**Extracted information:**
......
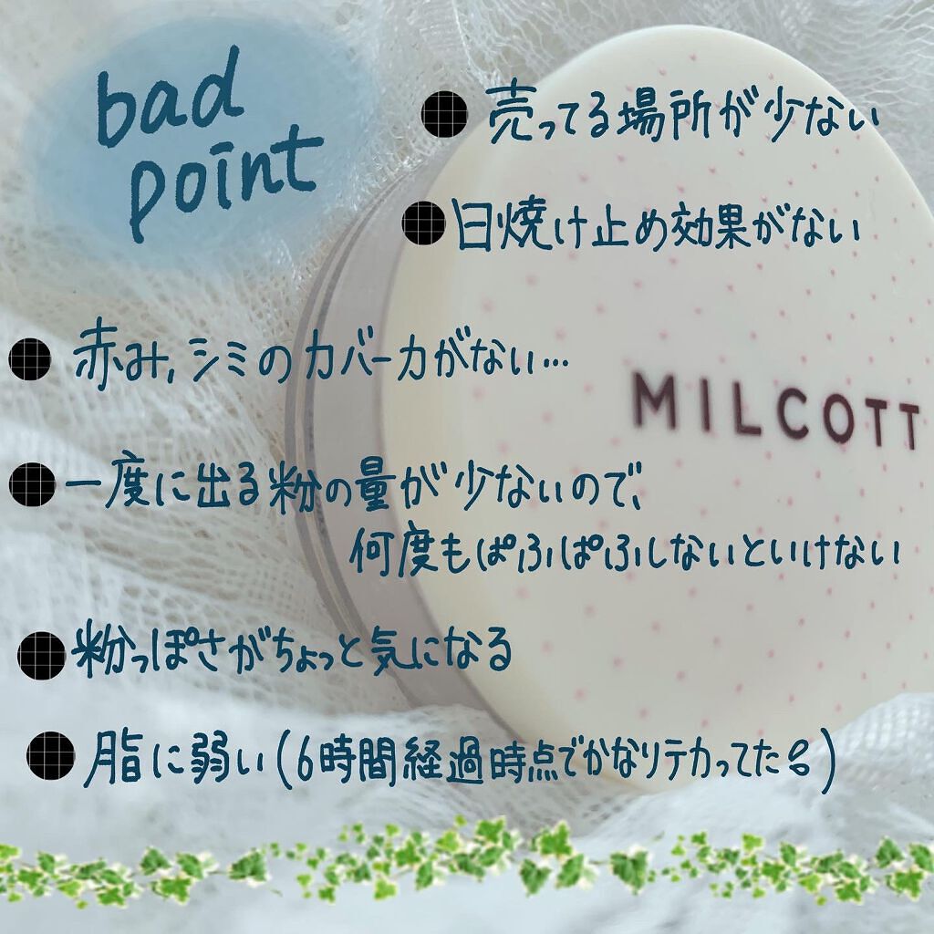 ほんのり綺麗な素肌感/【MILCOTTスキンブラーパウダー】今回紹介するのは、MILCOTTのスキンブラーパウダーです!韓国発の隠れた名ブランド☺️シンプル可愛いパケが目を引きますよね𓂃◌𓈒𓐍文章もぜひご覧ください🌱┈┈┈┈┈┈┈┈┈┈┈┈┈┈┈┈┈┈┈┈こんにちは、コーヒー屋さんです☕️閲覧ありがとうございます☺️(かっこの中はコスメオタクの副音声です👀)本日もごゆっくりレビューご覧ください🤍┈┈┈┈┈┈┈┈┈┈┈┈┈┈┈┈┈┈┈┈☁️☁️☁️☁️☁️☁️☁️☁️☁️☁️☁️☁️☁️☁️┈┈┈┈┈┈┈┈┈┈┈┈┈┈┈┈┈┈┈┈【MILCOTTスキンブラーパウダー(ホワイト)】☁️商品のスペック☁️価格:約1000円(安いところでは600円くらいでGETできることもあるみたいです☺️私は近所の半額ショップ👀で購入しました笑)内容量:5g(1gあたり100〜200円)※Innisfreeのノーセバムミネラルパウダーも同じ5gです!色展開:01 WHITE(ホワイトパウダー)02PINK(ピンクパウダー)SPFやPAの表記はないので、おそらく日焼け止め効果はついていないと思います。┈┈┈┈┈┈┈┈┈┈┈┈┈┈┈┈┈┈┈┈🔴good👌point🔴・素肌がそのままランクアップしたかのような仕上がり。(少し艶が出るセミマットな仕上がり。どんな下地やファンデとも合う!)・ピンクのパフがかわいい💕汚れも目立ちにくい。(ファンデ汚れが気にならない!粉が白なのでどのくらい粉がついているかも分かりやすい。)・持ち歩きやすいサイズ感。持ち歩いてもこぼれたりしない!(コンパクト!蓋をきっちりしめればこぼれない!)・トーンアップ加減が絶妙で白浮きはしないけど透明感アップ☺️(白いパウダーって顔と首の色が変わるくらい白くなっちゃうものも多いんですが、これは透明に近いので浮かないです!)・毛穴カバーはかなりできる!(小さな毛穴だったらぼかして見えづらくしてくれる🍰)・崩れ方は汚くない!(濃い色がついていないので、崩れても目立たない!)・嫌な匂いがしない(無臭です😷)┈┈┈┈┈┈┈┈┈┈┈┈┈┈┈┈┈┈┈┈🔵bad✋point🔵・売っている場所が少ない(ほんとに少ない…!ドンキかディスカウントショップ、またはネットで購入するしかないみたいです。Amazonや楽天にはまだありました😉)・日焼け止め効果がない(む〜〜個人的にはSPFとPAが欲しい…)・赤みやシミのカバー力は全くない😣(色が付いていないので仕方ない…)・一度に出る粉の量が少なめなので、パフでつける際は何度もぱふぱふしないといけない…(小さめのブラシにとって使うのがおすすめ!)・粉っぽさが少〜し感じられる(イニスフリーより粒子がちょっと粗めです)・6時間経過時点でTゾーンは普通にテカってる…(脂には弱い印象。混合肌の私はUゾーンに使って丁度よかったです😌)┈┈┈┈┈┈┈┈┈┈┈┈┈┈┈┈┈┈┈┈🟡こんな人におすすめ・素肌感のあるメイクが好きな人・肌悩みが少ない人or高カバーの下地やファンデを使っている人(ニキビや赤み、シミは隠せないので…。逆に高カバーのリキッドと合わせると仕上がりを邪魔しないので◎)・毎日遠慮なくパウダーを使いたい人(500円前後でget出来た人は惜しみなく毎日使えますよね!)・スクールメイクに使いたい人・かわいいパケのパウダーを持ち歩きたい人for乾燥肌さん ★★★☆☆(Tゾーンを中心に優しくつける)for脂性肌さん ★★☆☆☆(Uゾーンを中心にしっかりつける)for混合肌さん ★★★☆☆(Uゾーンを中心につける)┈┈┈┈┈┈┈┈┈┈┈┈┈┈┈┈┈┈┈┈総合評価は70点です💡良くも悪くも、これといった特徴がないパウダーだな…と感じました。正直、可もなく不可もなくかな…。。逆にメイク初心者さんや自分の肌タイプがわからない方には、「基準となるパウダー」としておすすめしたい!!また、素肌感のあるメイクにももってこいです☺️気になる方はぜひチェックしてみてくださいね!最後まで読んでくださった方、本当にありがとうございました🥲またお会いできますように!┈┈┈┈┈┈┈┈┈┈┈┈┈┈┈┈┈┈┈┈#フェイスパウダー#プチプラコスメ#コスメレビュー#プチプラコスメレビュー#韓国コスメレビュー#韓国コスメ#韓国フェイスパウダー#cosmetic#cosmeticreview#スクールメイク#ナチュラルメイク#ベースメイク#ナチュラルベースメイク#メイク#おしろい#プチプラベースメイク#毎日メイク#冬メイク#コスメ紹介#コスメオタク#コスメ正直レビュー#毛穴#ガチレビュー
......
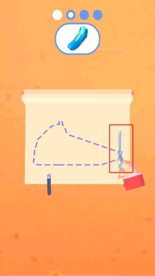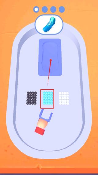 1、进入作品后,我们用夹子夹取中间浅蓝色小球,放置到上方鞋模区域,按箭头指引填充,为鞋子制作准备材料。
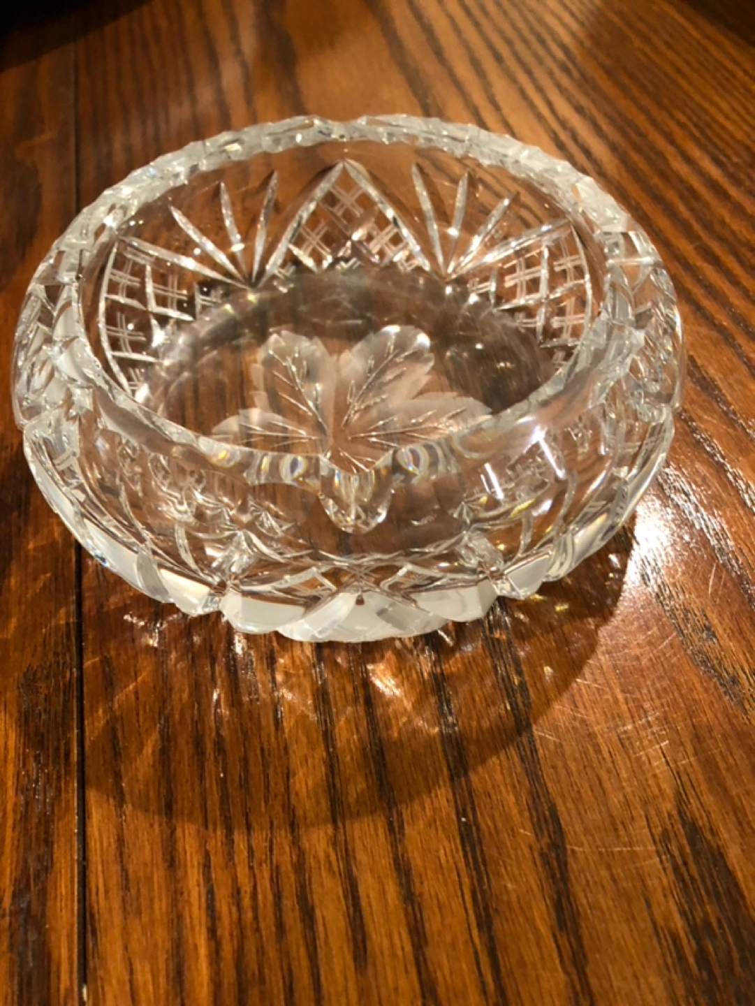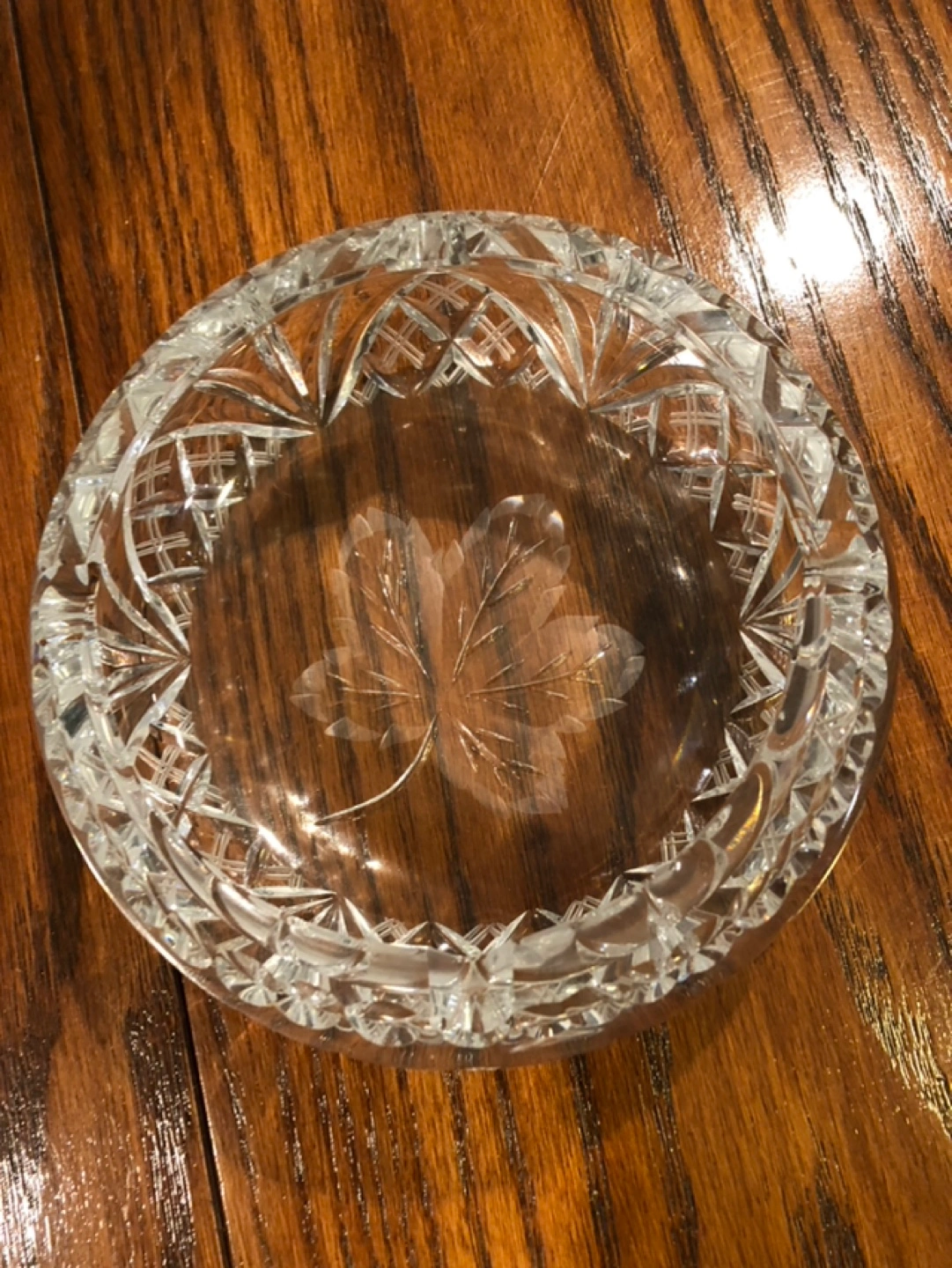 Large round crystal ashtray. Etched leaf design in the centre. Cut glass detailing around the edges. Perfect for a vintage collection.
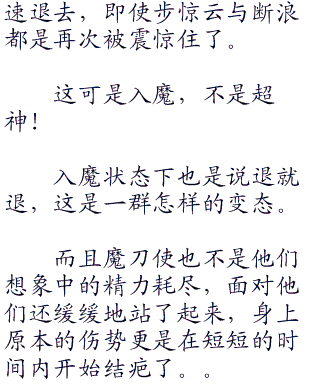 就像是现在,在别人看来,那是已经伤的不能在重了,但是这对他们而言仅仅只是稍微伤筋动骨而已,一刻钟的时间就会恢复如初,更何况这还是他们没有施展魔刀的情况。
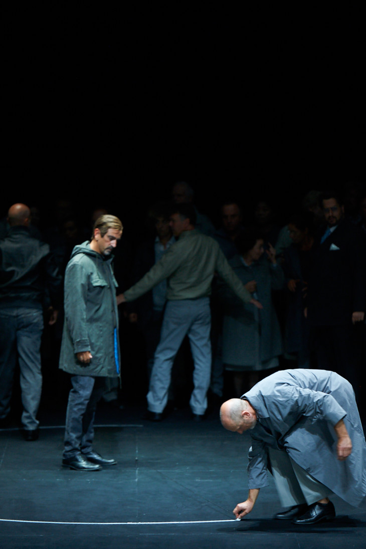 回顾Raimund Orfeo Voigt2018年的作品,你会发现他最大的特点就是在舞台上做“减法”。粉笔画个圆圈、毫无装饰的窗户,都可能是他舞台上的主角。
......
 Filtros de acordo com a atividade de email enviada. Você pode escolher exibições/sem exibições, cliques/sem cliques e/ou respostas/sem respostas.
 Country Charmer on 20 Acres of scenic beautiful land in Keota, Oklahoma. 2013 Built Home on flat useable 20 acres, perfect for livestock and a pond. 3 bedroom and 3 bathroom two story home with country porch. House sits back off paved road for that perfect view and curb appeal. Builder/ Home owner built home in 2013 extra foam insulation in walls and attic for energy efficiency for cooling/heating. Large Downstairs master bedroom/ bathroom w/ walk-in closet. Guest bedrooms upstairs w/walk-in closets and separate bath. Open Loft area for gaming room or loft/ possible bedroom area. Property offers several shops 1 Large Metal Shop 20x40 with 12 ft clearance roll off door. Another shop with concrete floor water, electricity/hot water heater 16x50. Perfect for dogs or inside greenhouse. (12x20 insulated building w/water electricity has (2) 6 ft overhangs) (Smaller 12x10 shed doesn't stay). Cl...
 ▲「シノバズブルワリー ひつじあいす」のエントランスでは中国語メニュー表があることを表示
......
**What this task involves:** Within the entries above, give again exactly the lines starting at the one that contains "1、进入作品后,我们用夹子夹" and ending at the one that contains "就像是现在,在别人看来,那是", leaving out the pictures.

**Output:**
 1、进入作品后,我们用夹子夹取中间浅蓝色小球,放置到上方鞋模区域,按箭头指引填充,为鞋子制作准备材料。
 Large round crystal ashtray. Etched leaf design in the centre. Cut glass detailing around the edges. Perfect for a vintage collection.
 就像是现在,在别人看来,那是已经伤的不能在重了,但是这对他们而言仅仅只是稍微伤筋动骨而已,一刻钟的时间就会恢复如初,更何况这还是他们没有施展魔刀的情况。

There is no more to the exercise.